The Australian Dollar fell sharply on Friday as markets reacted to Israel's surprise attacks on Iran, which is the natural response of a currency that is very sensitive to broader sentiment.
The developments allowed GBP/AUD to rally to 2.1000, before the advance was pared and we see more of this geopolitical discount evaporate on Monday, deflating GBP/AUD further. Currencies with a 'high beta' - or correlation - with stock markets are recovering lost ground as investor sentiment improves.
"Risk aversion subsided overnight with dips in high beta FX and equities bought, reflecting confidence among investors that the crisis in the Middle East will be contained and higher oil prices are not permanent and will therefore not destabilise the global economy," says Kenneth Broux, a strategist at Société Générale.
Should stock markets recover in the coming days, the AUD can find itself better placed, allowing GBP/AUD to retreat to 2.0676.
As the chart shows, this is the vicinity of support for the pair, although the charts are messy and moves below here, or even higher to 2.1035 can't be discounted as an oscillation within a broader sideways range is playing out on the multi-week timeframe.
Above: GBP/AUD at daily intervals.
In Australia this week, the May Labour Force report will attract attention.
The April employment surprised materially to the upside as the +89k surge more than doubled the top-of-the-range estimate.
"While quite volatile on a monthly basis, this latest read toned down some of the apparent softness that looked to have emerged over the first few months of the year," says a note from Westpac.
The market consensus looks for a reading of 20K, with anything above only adding to the sense that the economy remains robust and that the Reserve Bank of Australia can take its time when considering further cuts.
This would provide some supportive local flavour for AUD trade in the coming days.

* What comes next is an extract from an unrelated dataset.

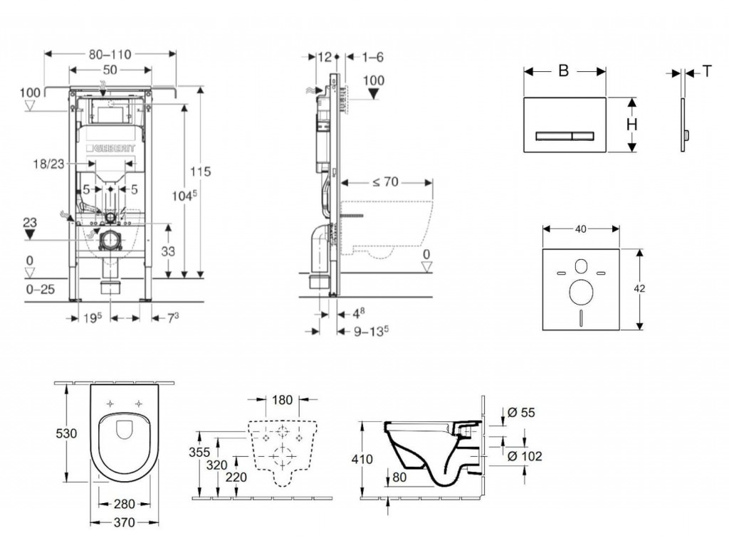 - Rám pre závesné WC s pripojovacími rozmermi podľa EN 33 a vyložením až 70 cm
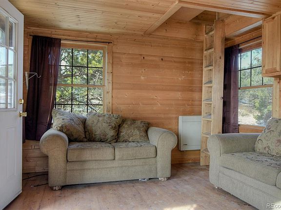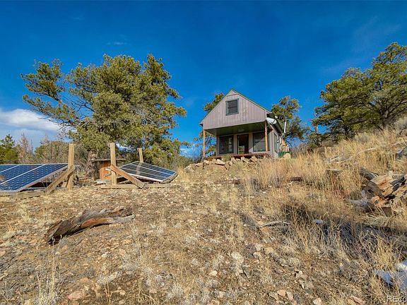 Off grid summer cabin with grow area. 640 sqft Cabin has two levels with a fire place and a small section of a porch with a beautiful view of the San gre de Cristo mountains that can been seen sitting next to the fire. A little 1.6 kw solar system in 12v battery set up for simple use. Has a small gun range area where you can do some target practice. Also has a compound for growing anything your heart desires! Gated Grow full of rich soil mended every year for rich plant growth. Simple hoop house design for easy assemble and disassemble for winter storage. A Well that is on the property for your water needs. If you like beautiful views plenty of wild life and piece and quiet this is the place for you.

A below-consensus reading would have the opposite effect, although post-employment report readings are likely to have a durable impact on GBP/AUD, given that the broader trends in risk sentiment are largely in control of this pair.
Also, keep an eye on the Bank of England's Thursday meeting.
The Bank will maintain rates at current levels, but readers should expect policymakers to address the recent set of soft employment figures and GDP numbers, potentially signposting an August rate cut in the process.
The market raised the odds of an August rate cut following last week's labour market and GDP numbers, which mechanically weighed on domestic bond yields and the Pound.
However, an adjustment in expectations is now arguably fully 'in the price' of the Pound, and for this reason, we don't think the moves in GBP/AUD following Thursday's update will be massive.